— DATA PROVIDED —
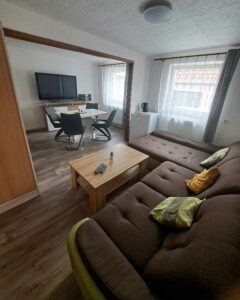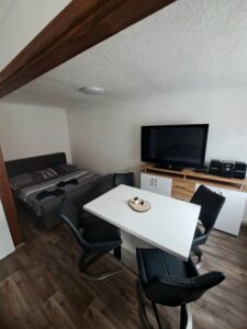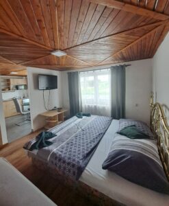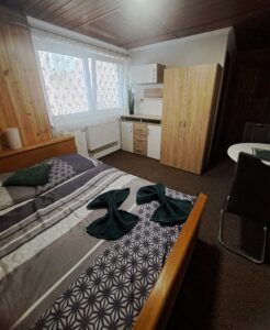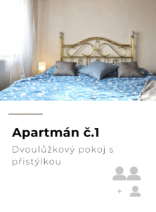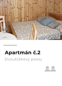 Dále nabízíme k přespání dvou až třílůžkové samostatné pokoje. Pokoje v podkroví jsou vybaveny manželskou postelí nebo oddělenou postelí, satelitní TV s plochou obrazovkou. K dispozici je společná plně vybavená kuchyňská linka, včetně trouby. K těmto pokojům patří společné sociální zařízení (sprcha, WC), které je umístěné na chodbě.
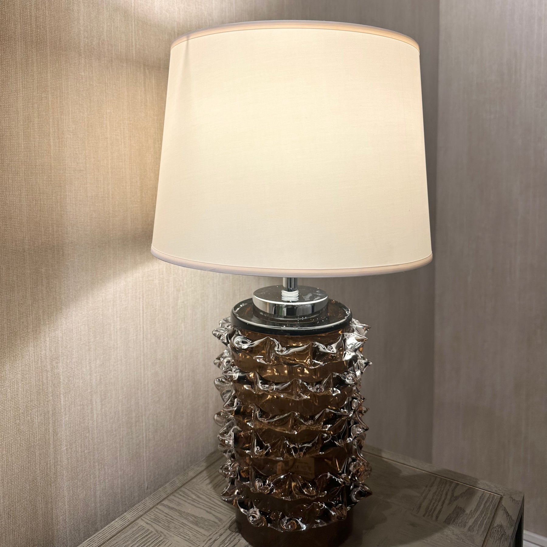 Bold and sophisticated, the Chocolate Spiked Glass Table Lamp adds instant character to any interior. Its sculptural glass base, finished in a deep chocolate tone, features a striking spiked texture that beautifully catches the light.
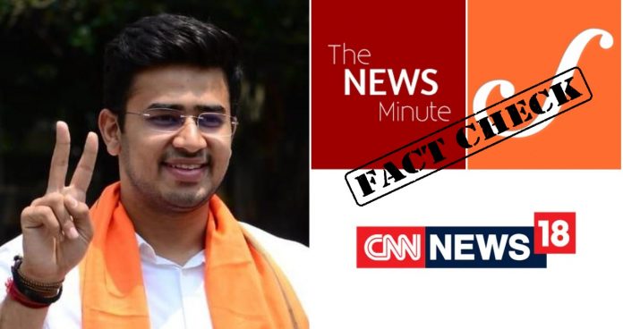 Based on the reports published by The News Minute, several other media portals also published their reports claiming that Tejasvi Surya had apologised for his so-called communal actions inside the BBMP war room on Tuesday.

— WHAT IS REQUIRED —
Give every line above again exactly, with no pictures.

— RESULT —
 Dále nabízíme k přespání dvou až třílůžkové samostatné pokoje. Pokoje v podkroví jsou vybaveny manželskou postelí nebo oddělenou postelí, satelitní TV s plochou obrazovkou. K dispozici je společná plně vybavená kuchyňská linka, včetně trouby. K těmto pokojům patří společné sociální zařízení (sprcha, WC), které je umístěné na chodbě.
 Bold and sophisticated, the Chocolate Spiked Glass Table Lamp adds instant character to any interior. Its sculptural glass base, finished in a deep chocolate tone, features a striking spiked texture that beautifully catches the light.
 Based on the reports published by The News Minute, several other media portals also published their reports claiming that Tejasvi Surya had apologised for his so-called communal actions inside the BBMP war room on Tuesday.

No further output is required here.